When HB 237 crossed over to the Senate, it intended to designate an official statewide soap box derby. Rep. Leesa Hagan, a first-term legislator and the bill’s sponsor, saw the Senate Economic Development and Tourism Committee add 45 pages of sports betting content. At that point, Hagan asked that all remaining soap box derby language be removed from the bill.

While the bill passed committee, the manner in which it had been transformed into a gambling bill incensed some lawmakers. Committee Vice Chair Mike Dugan, R-Carrolton, was outspoken during the committee hearing.

“Whoever came up with this idea just set sports betting back five years,” Dugan said. “When you hijack a soap box derby bill and put sports betting at the back of it, every person who was on the fence in the state of Georgia has just now picked a side of the fence.”

At that point, the prospect of reanimating the sports betting discussion, which may have been gaining traction with Burns’ endorsement, faded quickly

How can sports betting get added to a bill promoting a children’s game?

Some may wonder how exactly the Georgia Senate could get away with tacking sports betting language onto a bill primarily intended to serve children – sports betting being a 21+ endeavor and all. 

These “zombie bills” as they’re called when a dead bill gets resurrected and added on to a current one, take advantage of a legal loophole, as the Atlanta Civic Circle noted.

“Since lawmakers are legally allowed to substitute language in bills after Crossover Day, as long as the new language relates to the same Georgia code section, they can graft text from a deceased bill onto a live one,” it said.

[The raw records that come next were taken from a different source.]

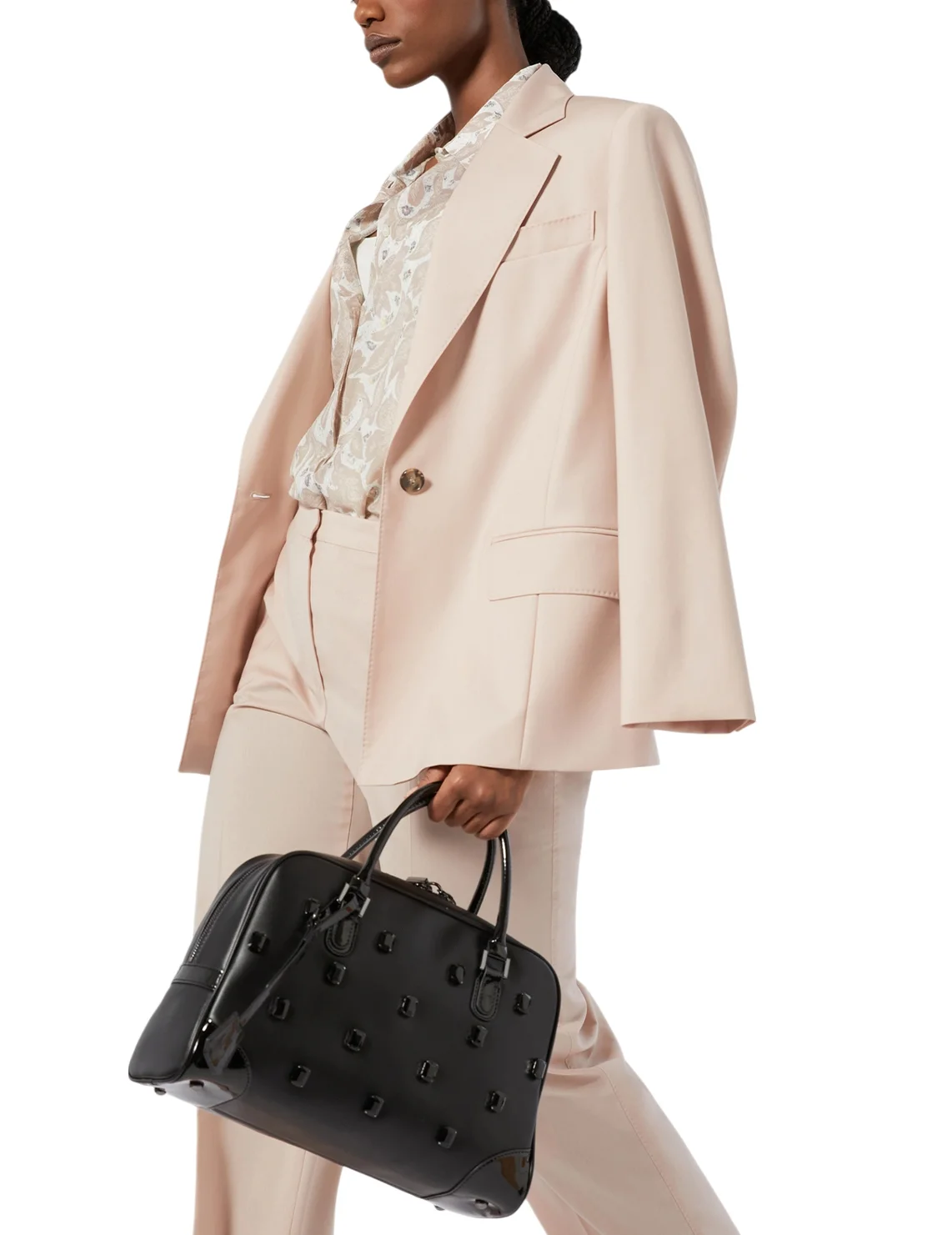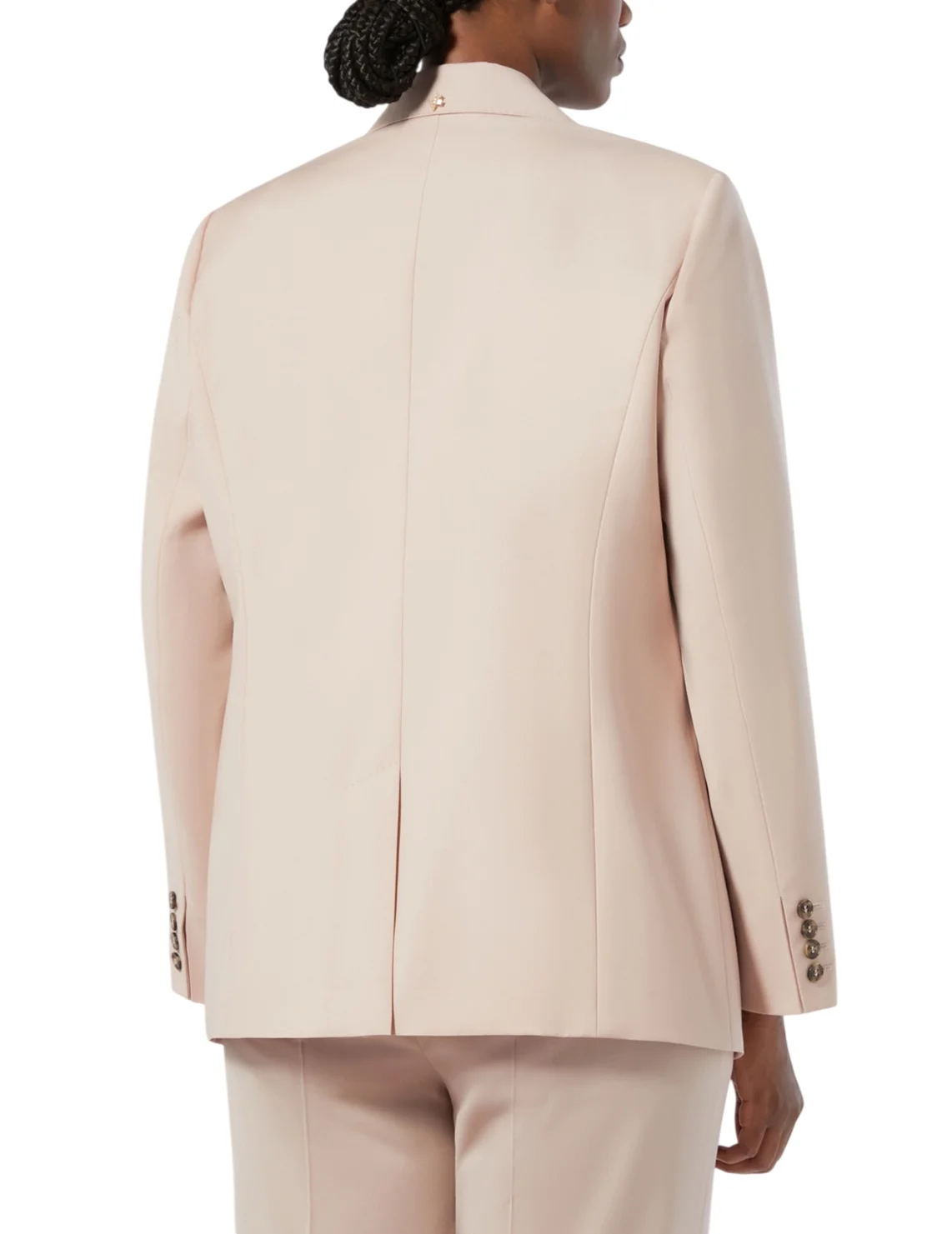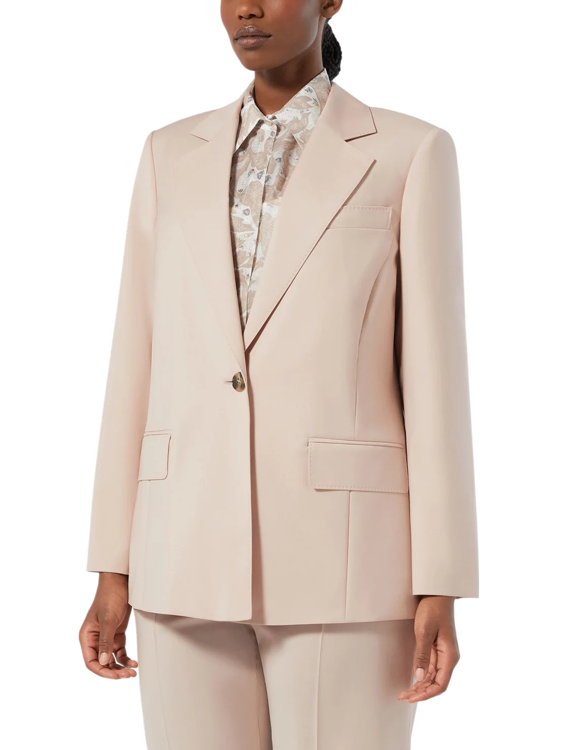 Однобортный пиджак изготовлен из 100% шерсти высокого качества. Модель полуприталенного кроя. Имеет отложной воротник с лацканами, длинные рукава, нагрудный прорезной карман, разрез сзади и передние карманы с клапанами.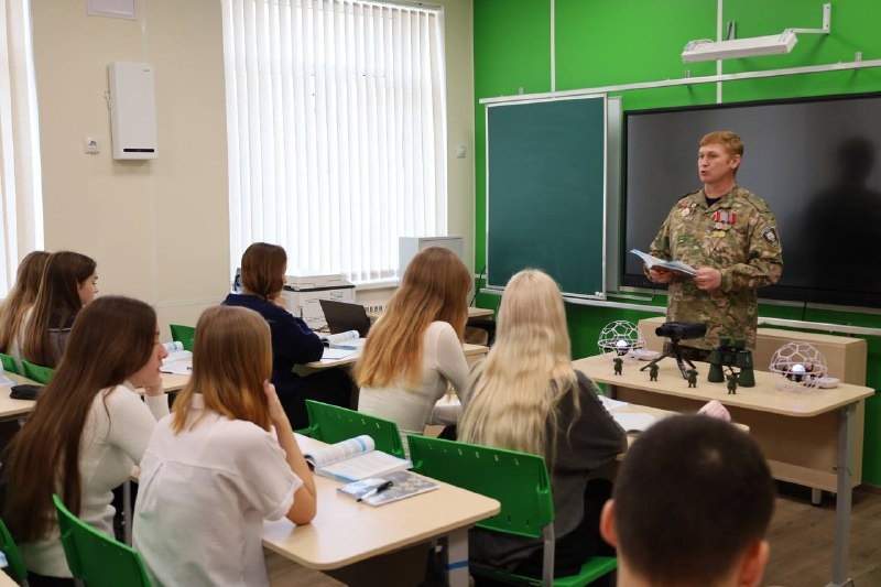 Російський військовий Павло Клясюк веде урок школярам у Севастополі. Фото: з російських медіаТак, у школі № 39 уроки проводить Павло Клясюк – учасник війни проти України. Після служби він пропагує війну серед дітей, зокрема вчить військових і тактичних навичок.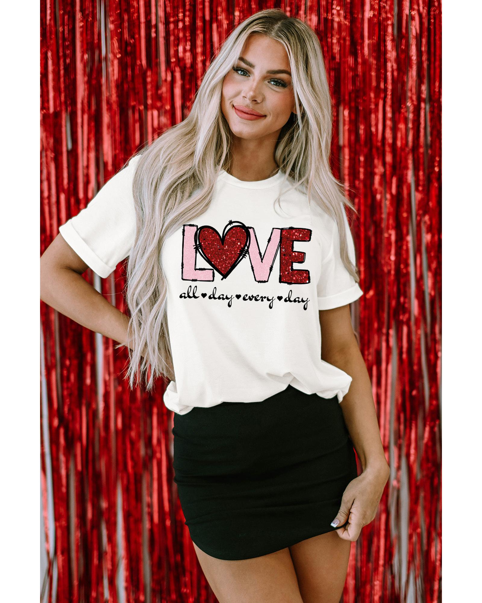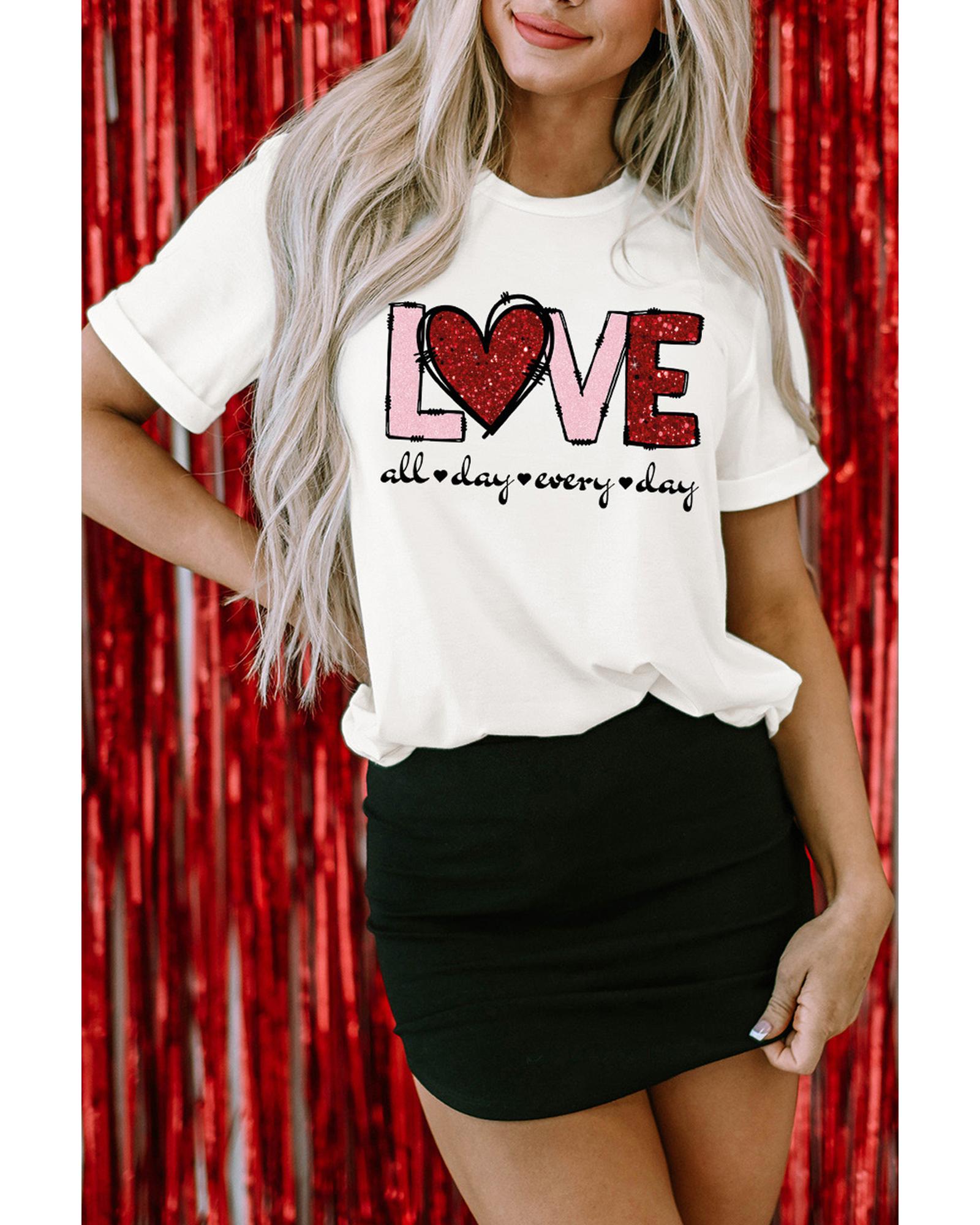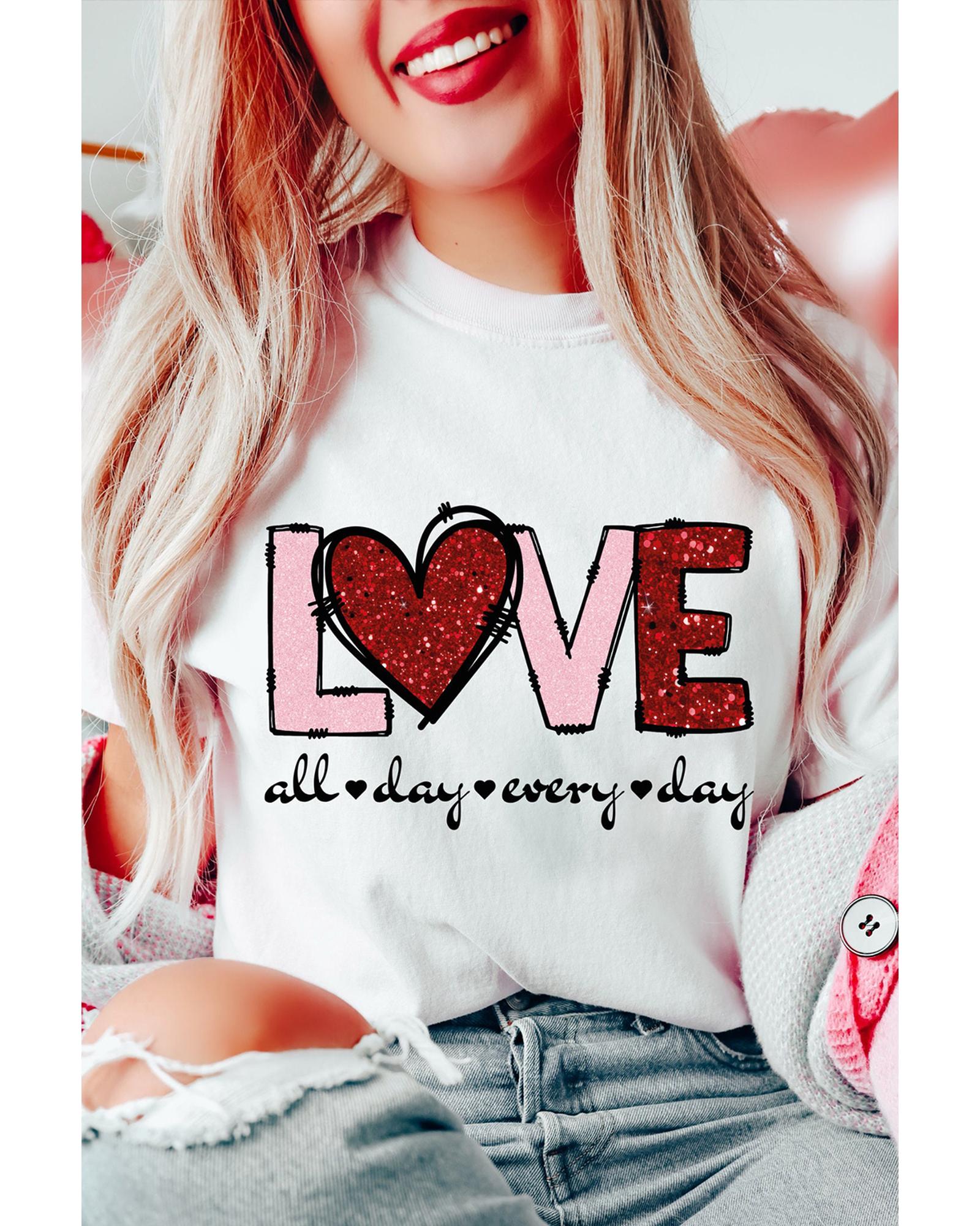 White Valentine LOVE Heart Shape Crew Neck Graphic Tee – 3XL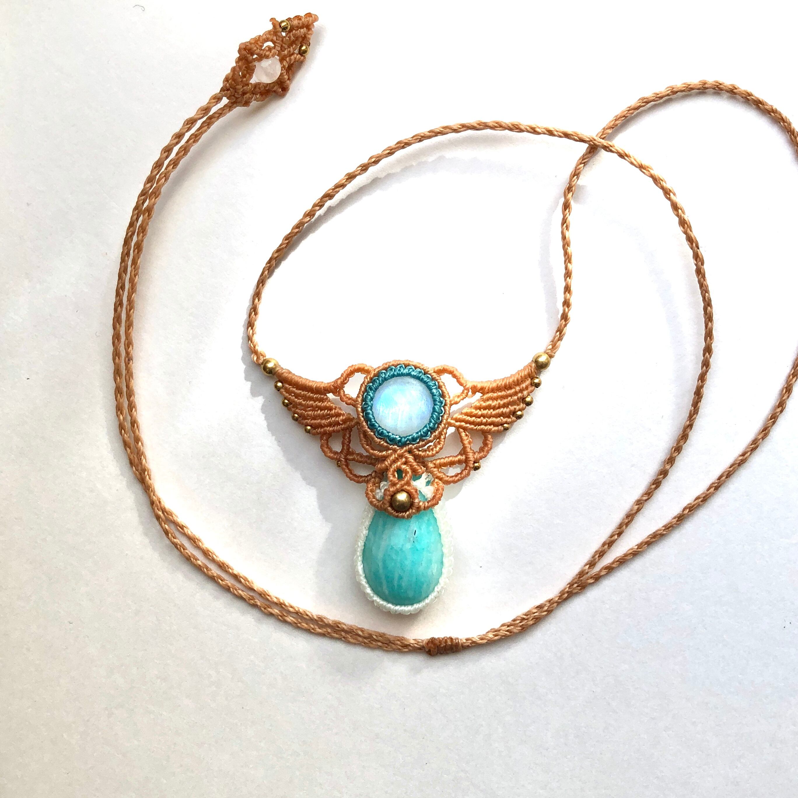 wing*希望のお守りジュエリー。アマゾナイトとレインボームーンストーン♪天然石マクラメネックレス Larimar Necklace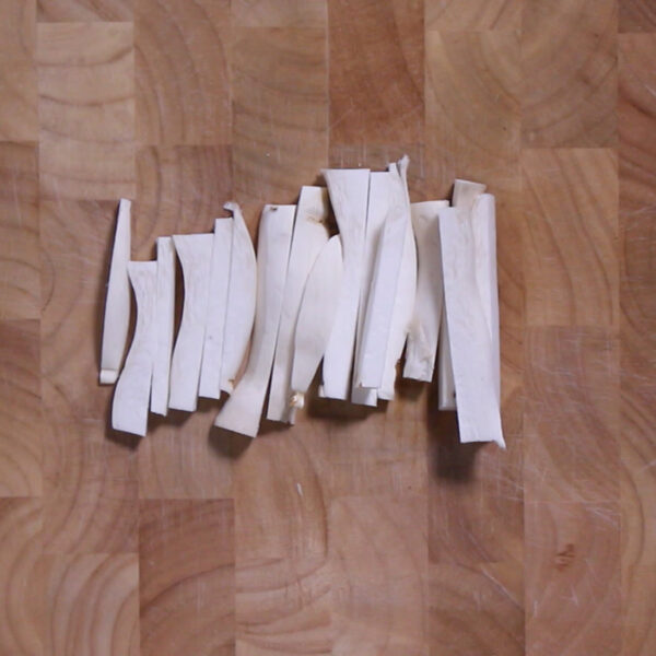 エリンギは縦に1.5cm程度の厚みに切り、棒状にする。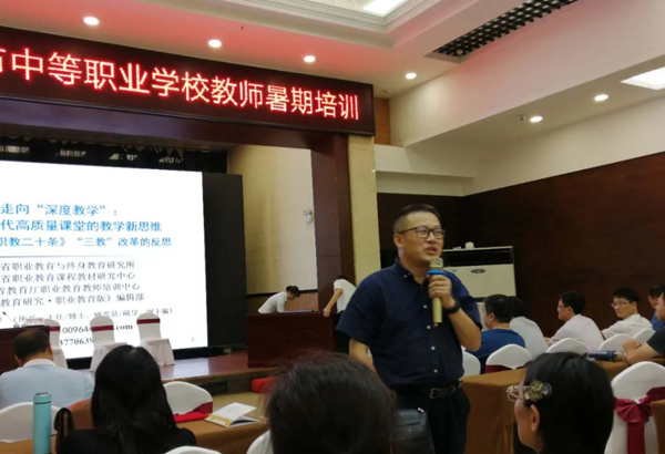 江苏省职业教育与终身教育研究所、江苏省职业教育课程教材研究中心、江苏省教育厅职业教育教师培训中心、《江苏教育研究·职业教育版》编辑部方健华(所长、主任/博士、研究员/硕导、副主编),以《走向“深度教学”:职教新时代高质量课堂的教学新思维——基于〈职教二十条〉“三教”改革的反思》为题,给与会参培老师做了一场生动鲜活的讲座。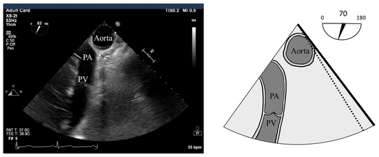 Given the anterior location of the PV and obscure insonation angles, its assessment can prove challenging by TEE. It is our practice to measure the PV and main pulmonary artery and assess gradients in multiple views including the Upper-Esophageal Aortic Arch Short Axis (UE-Ao Arch SAX), Mid-Esophageal RV Inflow/Outflow (ME-RV Inflow/Outflow), as well as the Mid-Esophageal ascending aorta short and long axis views (ME-Asc Ao SAX and LAX). In general, the ME-RV Inflow/Outflow view displays the PV on the long axis and is useful for detecting pulmonic regurgitation by CFD. The main PA (mPA) and the PV can be seen in the UE-Ao Arch SAX view on the left side of the display by turning the probe until these structures come into view [77]. Retroflexing the probe will often improve the view of the PV. The UE-Ao Arch SAX view usually allows the Doppler beam to be aligned parallel to flow through the PV and main PA and is therefore useful for measuring blood flow velocities through these structures [77]. However, this view can be difficult to obtain in most patients, due to displacement of the TEE probe by a dilated ascending aorta, or the lungs themselves. Therefore, modifications of the Deep Transgastric (DTG) views of the RV and Inflow/Outflow tract can prove useful.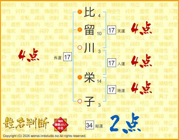 比留川栄子さんの外運は17画の4点!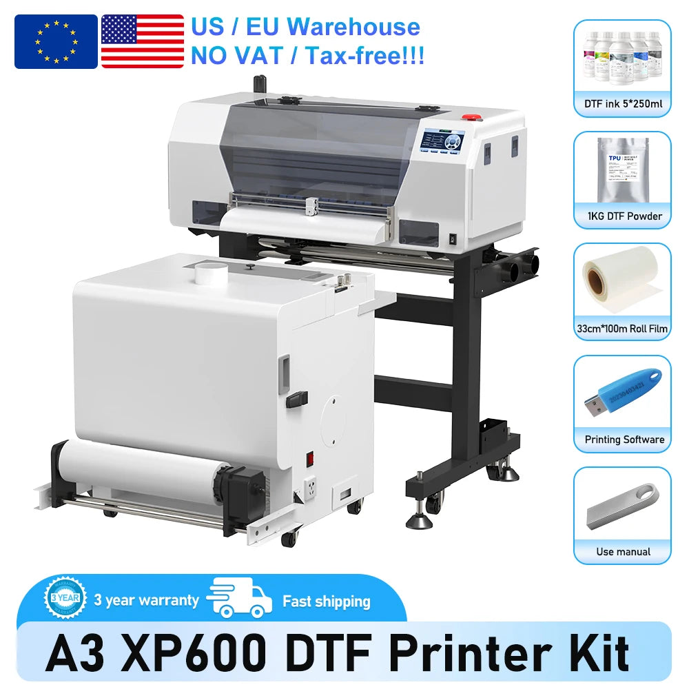 Stampante XP600 DTF + forno A3 + 250 ml *5 inchiostro + 1 kg di polvere + pellicola in rotolo da 100 m + software di stampa RFID + istruzioni video + portarotolo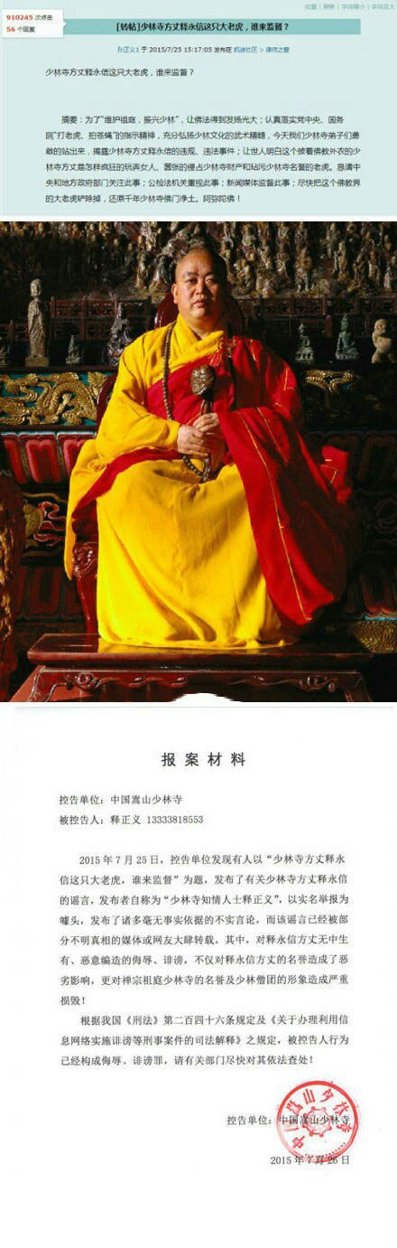 近日,一位自稱“少林寺知情人士釋正義”的人在網(wǎng)上發(fā)布“少林寺方丈釋永信這只大老虎,誰來監(jiān)督”的帖子,對此,中國嵩山少林寺官方網(wǎng)站發(fā)布報案材料,要求“有關(guān)部門盡快對造謠者依法進(jìn)行查處”。
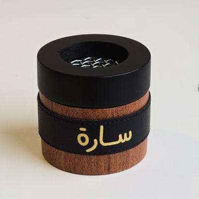 Leather bukhoor bag containing a safe wooden burner with a secure lid, suitable for safely scenting clothes and hair. The bag includes small-sized charcoal, a lighter, a leather envelope for storing incense, along with plucker for incense and charcoal. Bag dimensions: 19x7x7 cm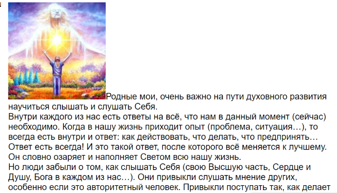 Научиться слышать Себя – СОТВОРЧЕСТВО В СВЕТЕ, пользователь Татьяна Бабаян | Группы Мой Мир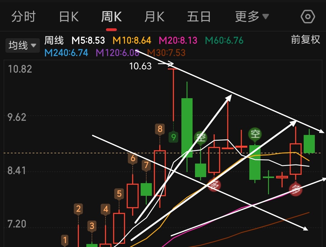 周线下跌通道,不是很乐观,5周线的上升波段走到上轨开始下跌,然后破5周线回踩10

In the case of HB 237, the reason sports betting could be added is because, like a soap box derby, it pertained to the section of the Georgia Legal Code addressing “sporting competitions.”

While not technically illegal, zombie bills trouble some lawmakers because they seem to defy democratic principles

Second time in three years sports betting votes were withheld in retaliation

A sports betting amendment flew through the Georgia Senate in 2021 but got entangled in a partisan conflict involving Lebron James over an unrelated voting rights bill. In the fray, sports betting legislation became collateral damage when Democrats withheld votes on it in retaliation for the Republican-led bill that, Dems argued, limited voting rights. 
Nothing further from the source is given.